[GOAL OF THE EXERCISE] First find the line with "The World According" in the entries below, then set down exactly every line through the line with "Adalet Bakanı Yılmaz", that line included.

[DATASET]
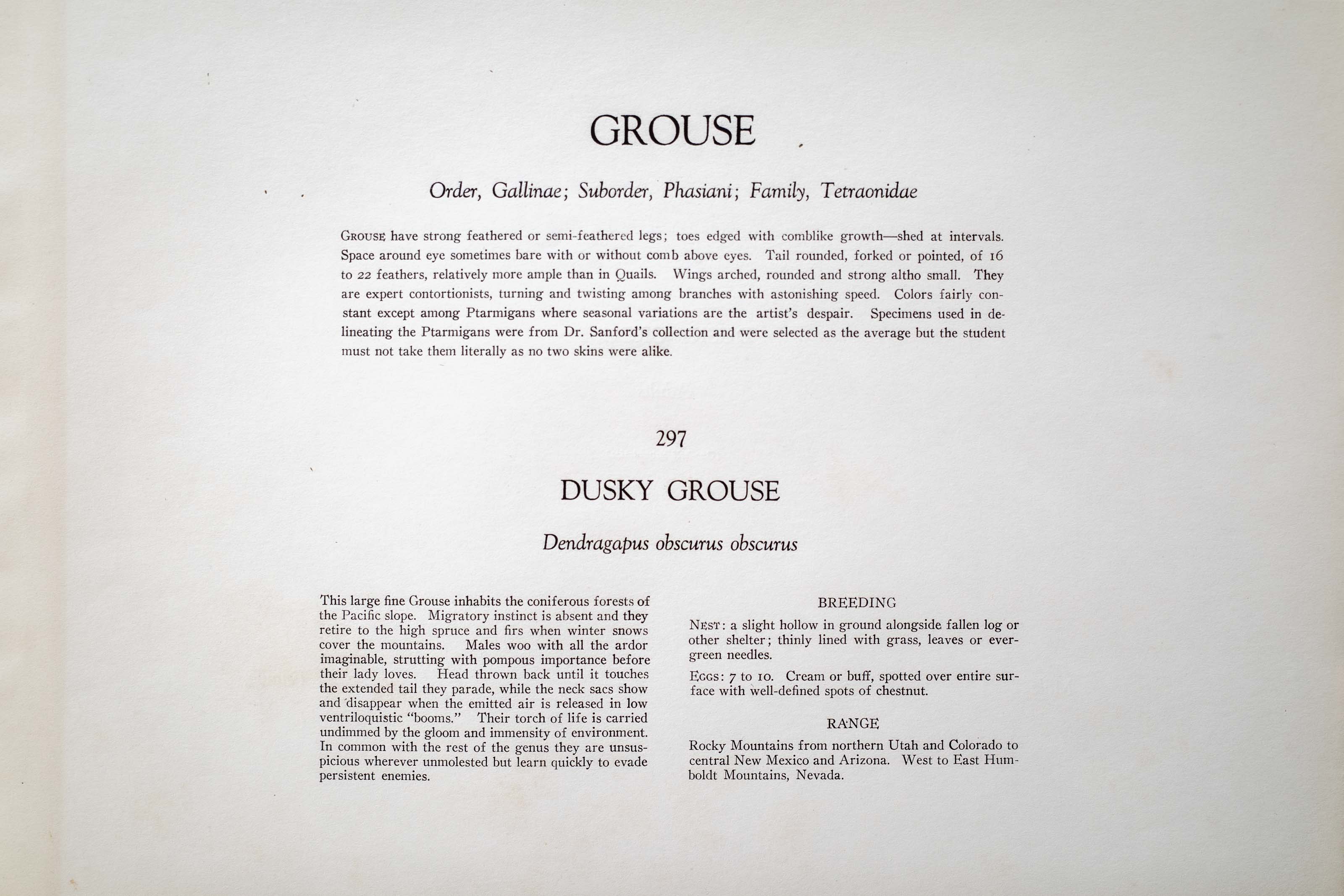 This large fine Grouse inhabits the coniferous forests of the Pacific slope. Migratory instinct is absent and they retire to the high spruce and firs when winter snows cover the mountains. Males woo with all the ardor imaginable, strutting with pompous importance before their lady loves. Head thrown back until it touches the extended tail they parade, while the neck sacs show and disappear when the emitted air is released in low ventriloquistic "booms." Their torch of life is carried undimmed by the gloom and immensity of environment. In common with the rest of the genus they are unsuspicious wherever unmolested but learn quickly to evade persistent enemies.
...
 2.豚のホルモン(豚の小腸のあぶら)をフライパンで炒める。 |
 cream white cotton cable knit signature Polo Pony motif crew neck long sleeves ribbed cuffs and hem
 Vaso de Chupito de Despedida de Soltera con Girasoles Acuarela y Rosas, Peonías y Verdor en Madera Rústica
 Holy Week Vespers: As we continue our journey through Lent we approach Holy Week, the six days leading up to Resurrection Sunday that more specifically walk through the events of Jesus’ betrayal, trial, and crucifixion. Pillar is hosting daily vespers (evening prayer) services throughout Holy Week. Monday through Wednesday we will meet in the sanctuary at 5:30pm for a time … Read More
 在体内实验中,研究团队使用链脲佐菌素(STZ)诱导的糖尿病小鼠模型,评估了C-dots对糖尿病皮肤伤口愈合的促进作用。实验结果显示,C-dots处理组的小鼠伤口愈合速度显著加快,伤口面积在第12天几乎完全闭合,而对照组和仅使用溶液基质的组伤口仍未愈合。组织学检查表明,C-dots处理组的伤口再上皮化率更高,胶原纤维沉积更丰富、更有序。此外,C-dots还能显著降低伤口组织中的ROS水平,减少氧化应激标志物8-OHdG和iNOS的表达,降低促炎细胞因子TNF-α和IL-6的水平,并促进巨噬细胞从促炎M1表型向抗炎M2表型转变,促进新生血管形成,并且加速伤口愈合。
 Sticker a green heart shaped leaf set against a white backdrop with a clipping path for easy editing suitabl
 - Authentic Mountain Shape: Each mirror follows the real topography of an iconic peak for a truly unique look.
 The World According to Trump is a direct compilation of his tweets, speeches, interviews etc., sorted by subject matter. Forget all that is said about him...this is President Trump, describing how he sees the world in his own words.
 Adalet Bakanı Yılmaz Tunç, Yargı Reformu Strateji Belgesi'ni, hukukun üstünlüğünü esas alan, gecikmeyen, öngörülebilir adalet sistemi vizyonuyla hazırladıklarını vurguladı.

[ANSWER TO THIS EXERCISE]
 The World According to Trump is a direct compilation of his tweets, speeches, interviews etc., sorted by subject matter. Forget all that is said about him...this is President Trump, describing how he sees the world in his own words.
 Adalet Bakanı Yılmaz Tunç, Yargı Reformu Strateji Belgesi'ni, hukukun üstünlüğünü esas alan, gecikmeyen, öngörülebilir adalet sistemi vizyonuyla hazırladıklarını vurguladı.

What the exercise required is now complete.